Citing the Blobulator

A manuscript on the Blobulator is currently under review. For now, please cite: Connor Pitman, Ezry Santiago-McRae, Ruchi Lohia, Kaitlin Bassi, Thomas T. Joseph, Matthew E.B. Hansen, Grace Brannigan, “The blobulator: a webtool for identification and visual exploration of hydrophobic modularity in protein sequences.” bioRxiv. 2024.

Sequence Input

The first thing needed to use the blobulator is either a UniProt ID for a protein of interest, or a manual sequence entry. UniProt IDs are our recommended format for retrieving the sequence required for blobulation. Above each “compute button” there is a manual text entry box, in which the you insert either your sequence or ID. Then press the “Compute” button.

Visualization

On the blobulation output page, there are three adjustable parameters:

The first step of blobulation is digitization. The algorithm first calculates each residue's hydrophobicity on the selected scale and then smooths this over the hydrophobicity of the adjacent residues. Residues are then digitized to hydrophobic or non-hydrophobic based on their smoothed hydropathy's relation to the hydropathy cutoff (shown as grey bars in the first track).
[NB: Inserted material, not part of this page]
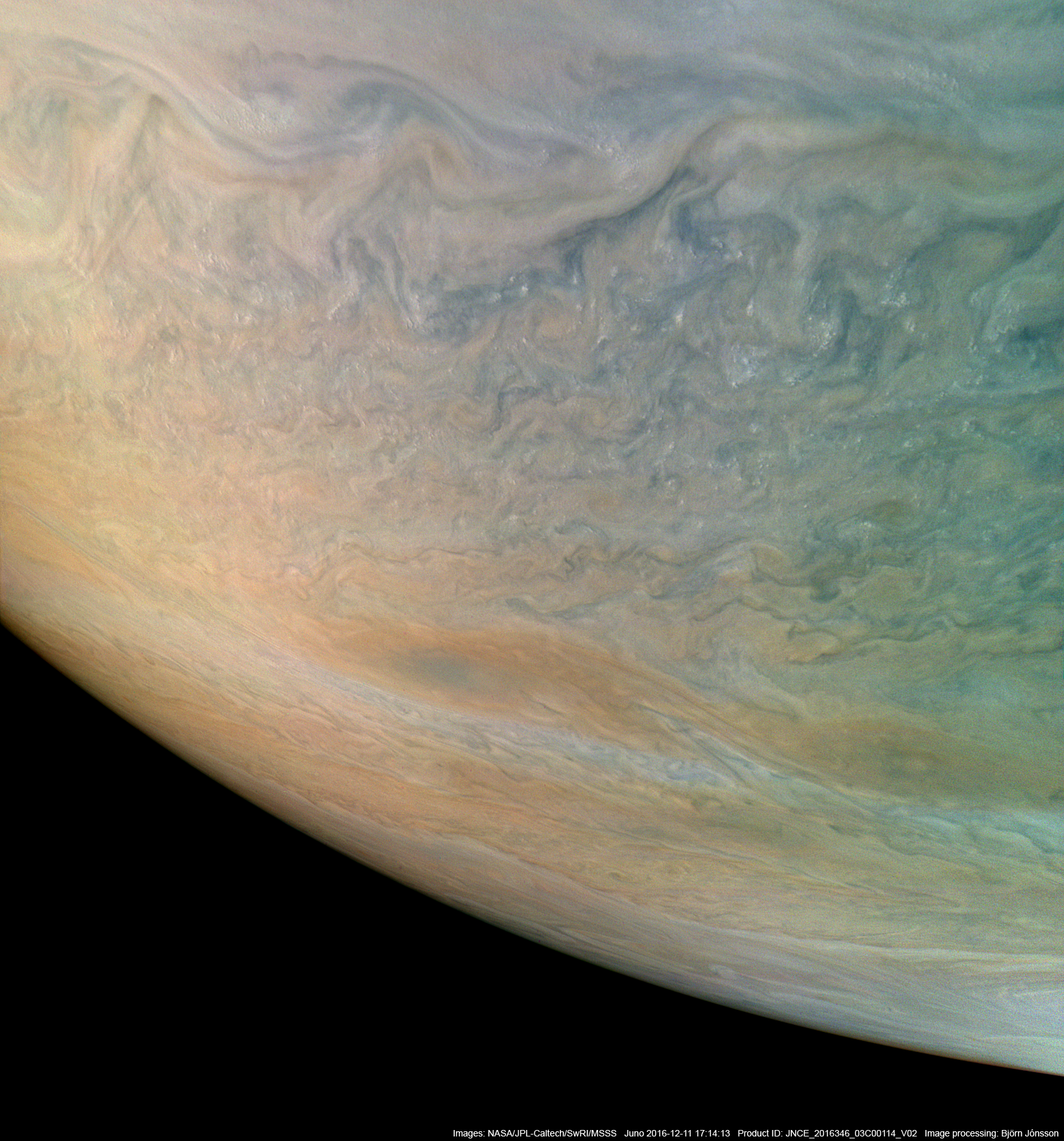 An image processed from the raw PJ3_114 image framelets. The contrast/color has been exaggerated and small scale features sharpened.
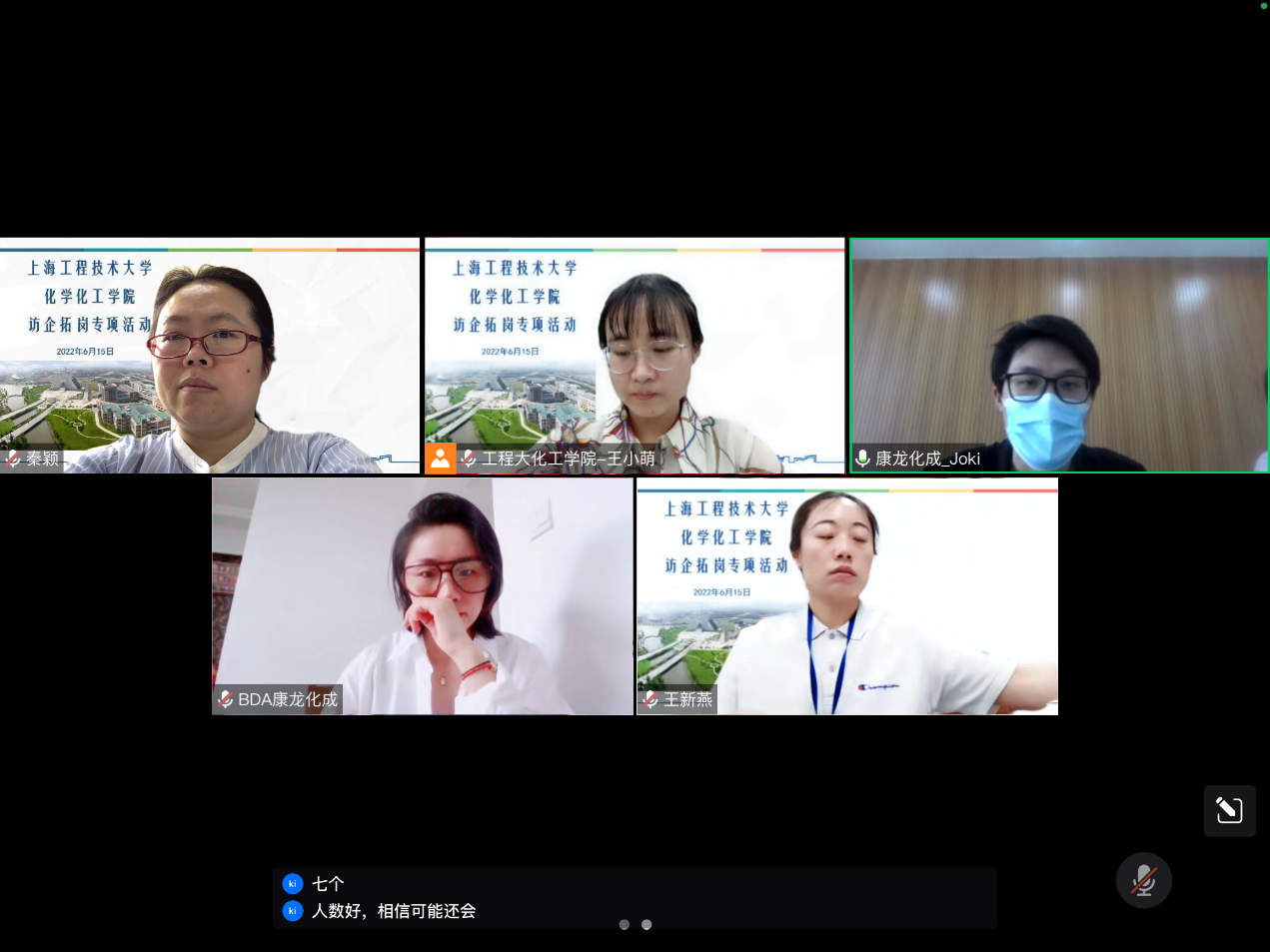 为贯彻落实中省及公司关于毕业生就业工作的决策部署,深入推进“访企拓岗”就业专项行动,助力公司毕业生更加充分更高质量就业,615日下午,公司党委副书记秦颖、公司就业专职辅导员王小萌、毕业班辅导员王新燕线上走访康龙化成(上海)新药技术有限公司,校园招聘经理都丽瑶,校园招聘上海负责人丁家琪出席本次线上走访。

This cutoff (shown as a blue line in the first track) can be adjusted by manual entry into the text box to the left, by adjusting the slider to the desired value, or by clicking a residue letter (found above the slider) to set the cutoff to a given amino acid's hydrophobicity on the selected scale.

This setting establishes a threshold for how many residues constitute blob. If a group of contiguous residues over the minimum blob size individually have smoothed hydrophobicities above the value for hydrophobicity cutoff, the cluster will be considered a ‘h’ (hydrophobic) blob. If not, a group will be considered a ‘p’ (non-hydrophobic) blob if the length is above the minimum blob size, or an 's' (short) blob if the length is below the minimum blob size. The hydropathy cutoff can be adjusted by manual entry into the text box to the left, or by adjusting the slider to the desired value.

This option is used to change a residue within the sequence, and see what potential effects it would have on the blobulation output. To mutate a residue, select which residue you would like to mutate, choose the amino acid you would like to mutate the residue into, and click the checkbox. Alternatively, the user can select one of the known disease associated single nucleotide polymorphism by clicking on a black triangle found at the bottom of each track. These will only appear if a UniProt ID is used.

SNPs and Mutations

Known disease-associated mutations are shown by the black triangles. Hovering over these mutations will display the amino acid change caused by them, as well as a clickable reference SNP cluster ID.

Interpreting Plots

After blobulation, multiple visualizations are produced.

This plot shows the smoothed hydropathy per residue. The core of blobulation consists of two parameters - the first being a hydropathy threshold. This threshold is shown by the blue line on the “mean hydropathy” axis. This line shows the hydropathy threshold (shown by a blue line), which determines the boundaries of the h and p blobs. Note that this graph is the only one that shows the residues individually, and can be used as a reference to how the residues are grouped together based upon their position above or below the blue line. If a group of contiguous residues over the minimum blob size individually have smoothed hydrophobicities above the value for hydrophobicity cutoff, the cluster will be considered a ‘h’ (hydrophobic) blob. If not, a group will be considered a ‘p’ (non-hydrophobic) blob if the length is above the minimum blob size, or an 's' (short) blob if the length is below the minimum blob size.

This second outputted visualization shows the blobs colored according to their globular tendency based on their Das-Pappu classification. The Das-Pappu phase diagram was originally used to estimate how a disordered sequence might behave based on the charge content. Each blob is colored according to the region they fall in Das-Pappu phase diagram. Specifically, these are: globular, Janus/boundary, strong polyelectrolyte, strong polyanion, and strong polycation. The height of each bar corresponds to their identity of either a "p" "h" or "s" blob.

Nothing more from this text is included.